SDM recently reported that golf participation is sky high; it’s a near-perfect sport: easy to take up, socially distanced and involving physical activity and outdoor competition. Which is why nobody should be surprised that cycling, which shares many of those same attributes, is enjoying record levels of attention, too.
Last month, USA Cycling announced record participation in national championship events, including mountain biking and pro road racing. Registration for mountain biking nationals was up nearly 11 percent over 2019, with a significant number of participants in its first high school festival (held over the summer in Winter Park, Colorado).

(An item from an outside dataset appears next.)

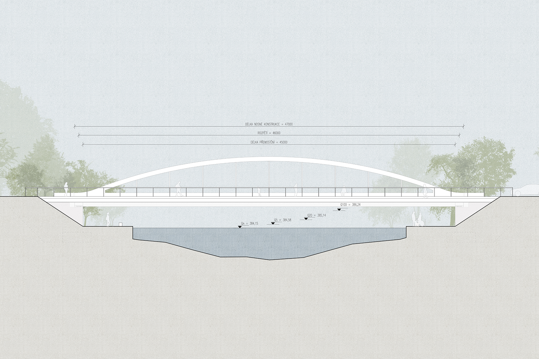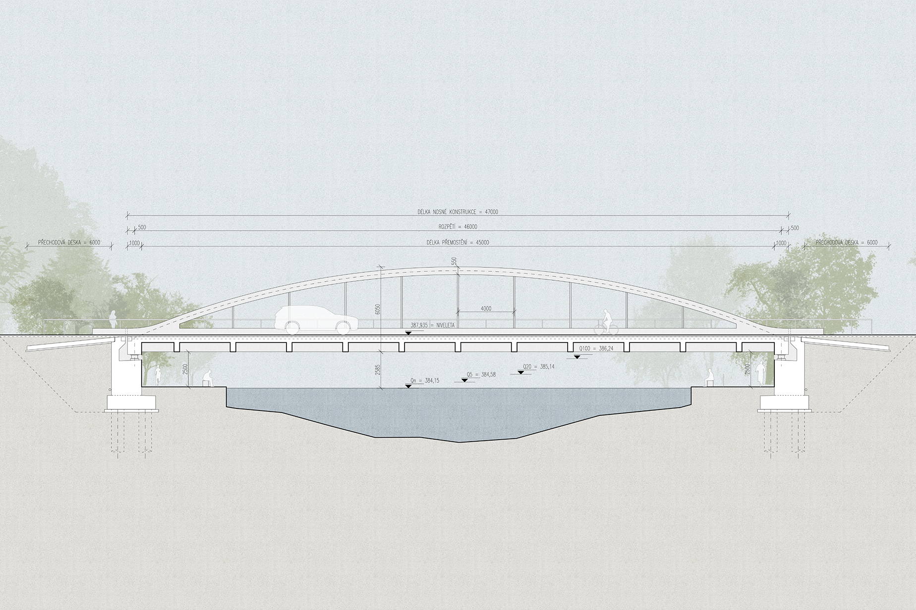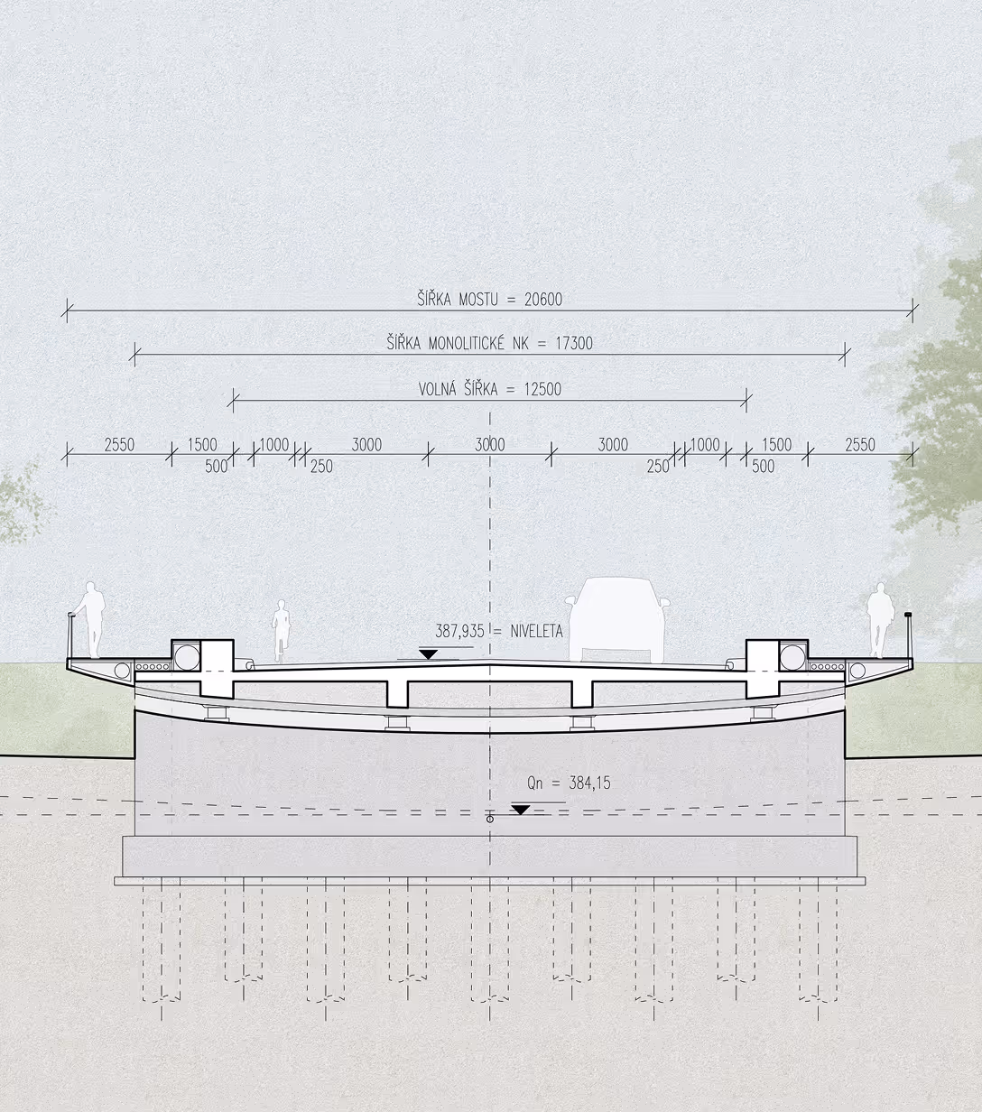 Návrh nového mostu přes Malši odstraňuje stávající mezilehlé pilíře, zvyšuje průtočnou kapacitu koryta a vytváří čistší, bezpečnější prostor pod mostem. Součástí návrhu je i komfortnější vedení cyklostezek přímo pod mostem a přímé napojení na městské trasy. Konstrukce kombinuje předpjatý železobeton s ocelovými táhly, což umožňuje štíhlou a elegantní siluetu s minimem překážek v řece.

The number of junior athletes participating in racing and events is ahead of 2019, too, and overall USA Cycling membership is set to exceed 2019 numbers by more than 25 percent.

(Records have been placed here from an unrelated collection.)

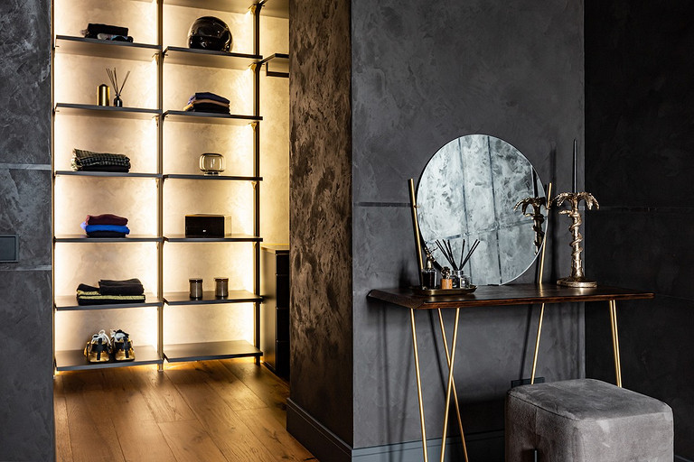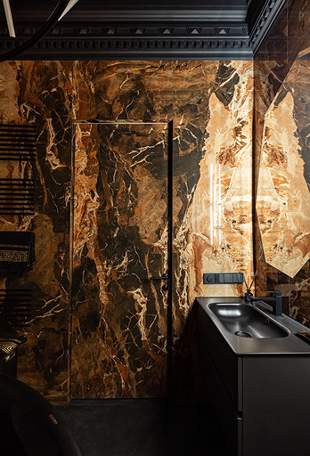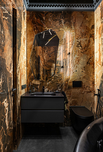 - Стены и пол: керамогранит Rex Cerаmice, Laminam
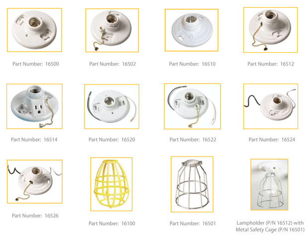 UV resistant phenolic Lampholders will not fade or discolor.Optional Plastic and Metal Safety Cages fit all Lampholders.
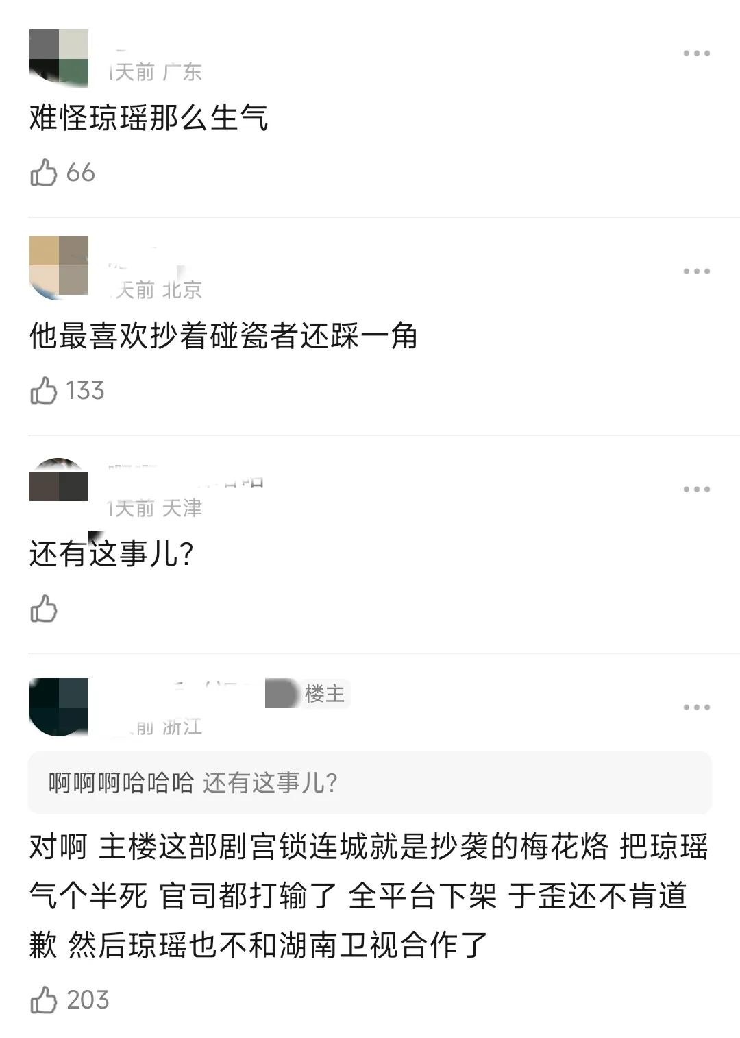 大量正义网友@原作者琼瑶,纷纷举报湖南卫视的热播剧抄袭,
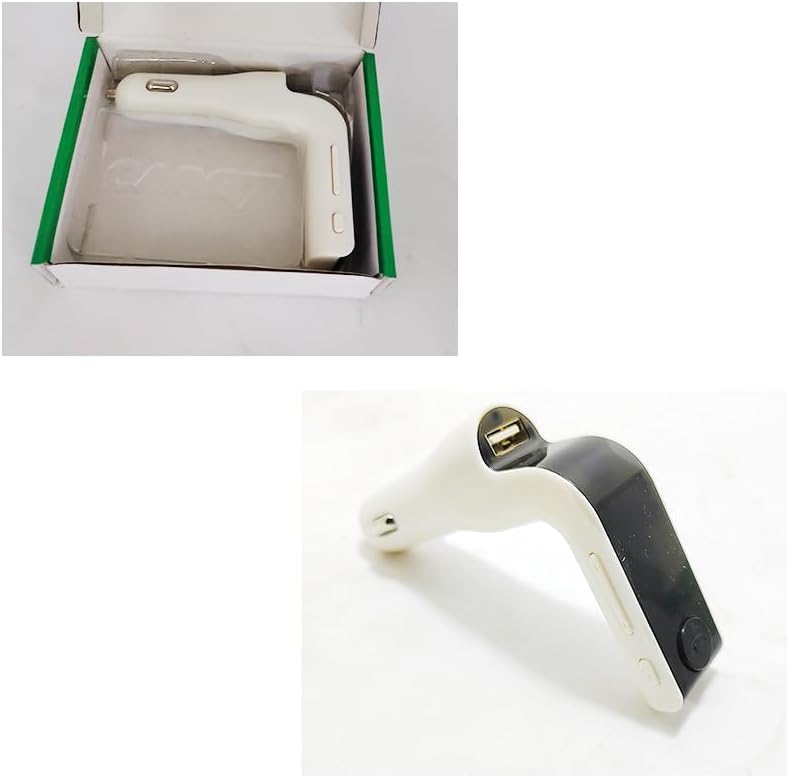 Generic - مجموعة السيارة المكونة من بلوتوث لاسلكي وجهاز ارسال راديو اف ام مشغل MP3 ستيريو للسيارة وجهاز ارسال FM و AUX بدون استخدام اليدين مع شحن بمنفذ USB - ابيض G7 - من نسمه ستور

“We set out to truly champion cycling among youth this year,” USA Cycling president and CEO Rob DeMartini said in a statement. “It is clear that it is working. Events and programs like what we held at mountain bike nationals are helping to engage and include youth riders, setting them up to be cyclists for life.”
As part of its commitment to develop programs, USA Cycling’s inaugural Let’s Ride program with Free Bikes 4 Kidz and Wish 4 Wheels has donated over 600 bikes to kids. The Let’s Ride program also matches coaches and kids for skills camps on its website.
Another factor likely to influence cycling’s growth moving forward is the creation of a new discipline joining the Union Cycliste Internationale calendar next year: gravel. The discipline combines elements of road and mountain biking and takes place primarily on gravel, forest tracks, farm roads and other unsealed surfaces, notes endurance.biz,adding that races in the international governing body’s new Gravel World Series will be mass participation events. And participants in the new series will have the opportunity to qualify for the UCI Gravel World Championships.
Gravel riding already is kicking up some dust in the United States. “Part of why it’s become extremely popular is because you don’t have to worry about getting run over,” Deanna Duke, a gravel rider from Roslyn, Washington, recently told The Seattle Times. “ You don’t have to worry about cars or traffic, just wild animals.”
She added that the inclusive nature of gravel riding, compared to road cycling or mountain biking, also attracts her to the sport. “There’s just not that same level of intimidation factor with the technical skills or gear,” Duke said. “It’s a much more open and friendly culture.”
Some communities are going all in, hosting gravel rides like the Nepomuk Narly in Pisek, North Dakota, on October 2. The event featured two major divisions (a 50-mile Gold gravel loop and a 25-mile Silver gravel loop), plus several smaller ones.
“All of these gravel races are popping up in small towns,” Simon Murphy of the Grand Forks Ski and Bike Shop told the Grand Forks Herald, adding that he participated in the Unbound Gravel race over the summer in Emporia, Kansas, a small town in a region of the state known as the Flint Hills. “That event brings in 10,000 cyclists in one weekend in June, and all of these ex-world tour, pro athletes come and race, put themselves through a bunch of pain and have fun.”
Indeed, organizers of Gravel Unbound call their event — which takes places over four days, includes five races and features a “gravel expo” with more than 100 vendors — “the world’s greatest gravel event.”
UCI’s upcoming Gravel World Series is part of the organization’s new emphasis on off-road racing, which also includes plans to introduce a cyclocross team relay during the 2022 World Championships in Fayetteville, Arkansas, in January, according to cyclingweekly.com. Endurance.biz adds that it is considered a “test event” and will be evaluated to determine if the team relay will be part of future UCI Cyclocross World Championships. A UCI Snow Bike World Cup and World Championships for the 2022-23 winter season also are reportedly in the discussion phase.
“Every day when I wake up, I want to find some new ideas,” David Lappartient, who in September was re-elected to a second termas president of UCI, said after his re-election. “Our goal here is to enlarge cycling, to bring dreams to young riders and kids, to give the opportunity to see some wonderful events worldwide for all the disciplines across the five continents. This sport is not coming from nowhere. We have a very strong history and solid routes, more specifically on the track and road, but with the new disciplines coming in we have so many opportunities. Cycling is becoming a real big sport worldwide.”
Local rides are also doing well; the recent Cycle North Carolina Mountains to Coast Ride enjoyed participation from more than 750 riders who hailed not from just North Carolina but from 41 other states, as well as from Costa Rica and the U.K.